Filed Under: Overseas Employment, Crime

MANILA, Philippines—Former labor undersecretary Susan Ople appealed to the government to work on the repatriation of Jonathan Bigas, who should have been freed in August 2008 after being jailed in Saudi for driving a passenger convicted for possession of illegal drugs.

Bigas, a limousine driver, was arrested in 2007 after driving a Filipino passenger to the post office, where the passenger was picked up a package sent from Nueva Ecija which carried three grams of shabu, leading to the arrest of Bigas and his passenger.

Bigas was sentenced to a one-year jail term.

Tess Bigas, the driver’s wife, went to the DFA on October 14 and talked to a lawyer from DFA to seek assistance. “According to Atty. Flores of the DFA, while they do have funds, their priority as of now is to assist victims of maltreatment and abuse. He advised me to also look for a sponsor who will shoulder my husband’s airfare,” Bigas told Ople Center, adding that her family and friends cannot provide money to bring her husband home.

The Ople Center said it is thus appealing to the Department of Foreign Affairs and the Overseas Workers’ Welfare Administration to shoulder the fare of Bigas.

“His company provided him with an air ticket once his jail term ended so he could fly back to Manila. For some reason, the police held on to the ticket until it expired. Now, Bigas has spent two years and four months in jail, exceeding his original sentence of one-year imprisonment. We are calling on the Department of Foreign Affairs and the Philippine embassy to shoulder the cost of Jonathan’s air fare so he could return and be with his family here in Manila,” Ople said.

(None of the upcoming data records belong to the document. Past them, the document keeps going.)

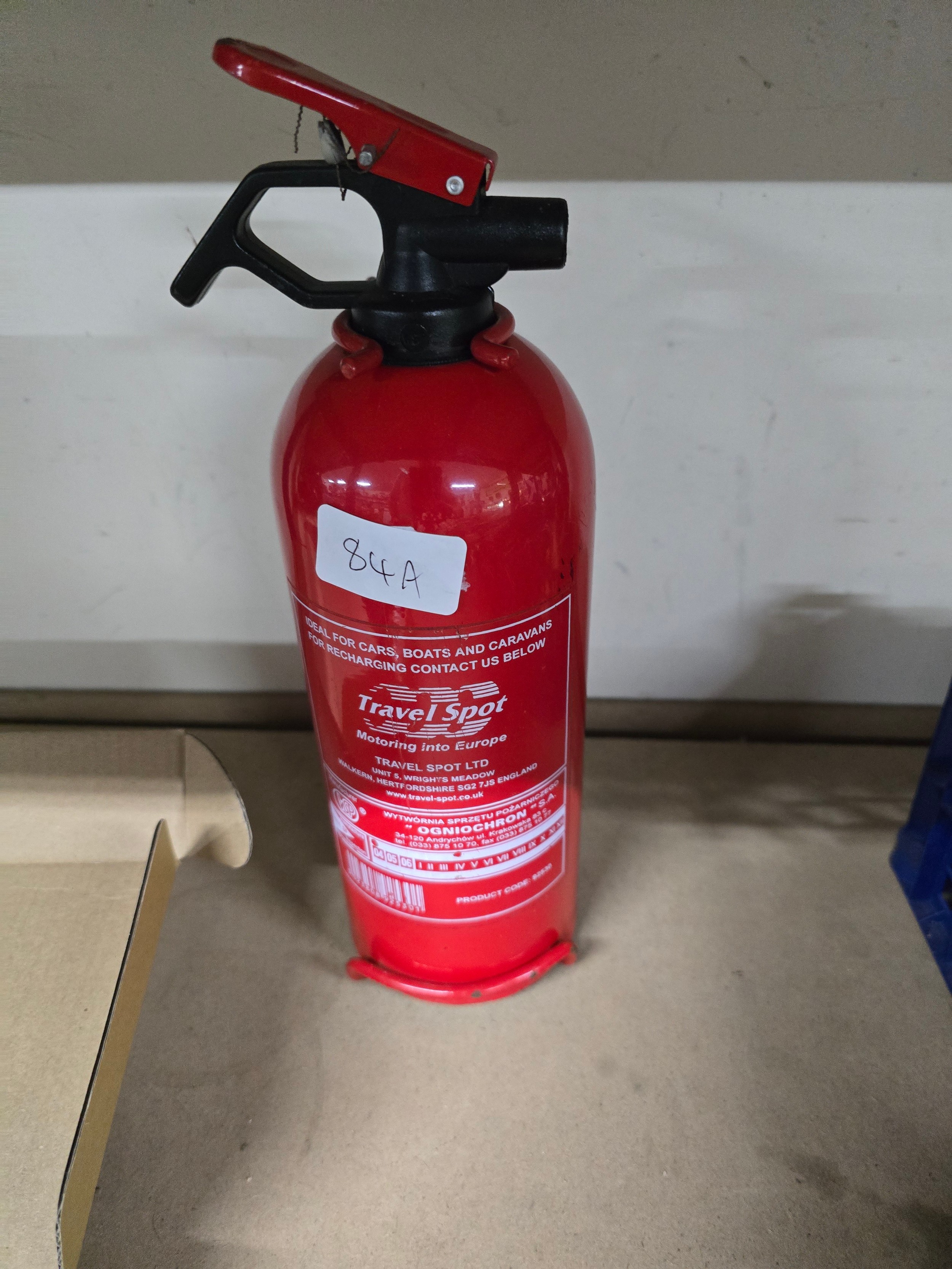 Red cylindrical fire extinguisher with minor scuffs, featuring “Travel Spot Motoring” branding.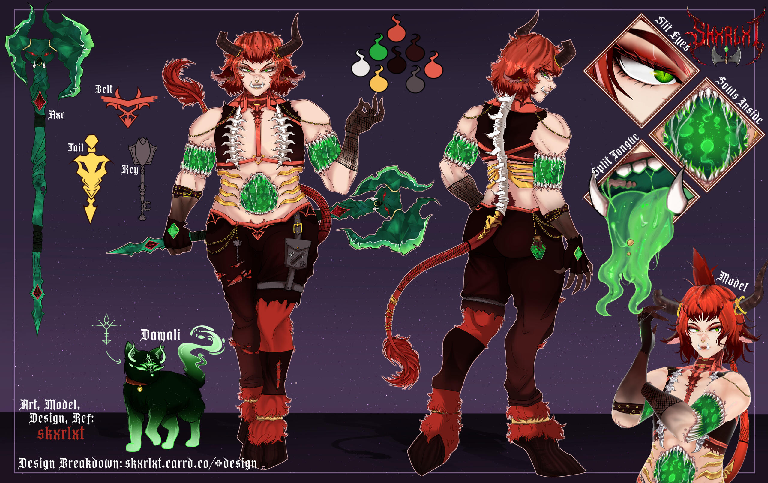 Yo! I'm Skxrlxt (Skarlet)!, I'm an Australian Minotaur VTuber with way too many hobbies and skills, most of which you'll find below.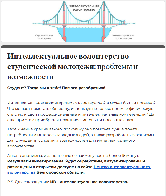 Здесь публикуется информация о мероприятиях, проектах и возможностях участия в интеллектуальном волонтерстве. Присоединяйтесь к сообществу, чтобы быть в курсе событий, обмениваться идеями и включаться в работу над социально значимыми задачами.

The daughter of the late Foreign Affairs Secretary Blas Ople also called on the Philippine embassy to conduct an inventory of OFWs detained for various offenses in Saudi Arabia.

“How many OFWs are in the same situation as Bigas? How many should have been sent home but continue to languish in jail because they do not have the money to pay for their trip home? This is an injustice that deserves immediate rectification,” Ople said, noting that Bigas did not even know his passenger and was unaware of what was in the package yet he was convicted and jailed.

“The government must help him regain his freedom and come home to be with his family,” she added.

In an e-mail, Bigas sought the help of the Blas F. Ople Policy Center, a non-government organization founded by the late Secretary Ople’s youngest daughter in 2004 to help distressed Filipino workers abroad.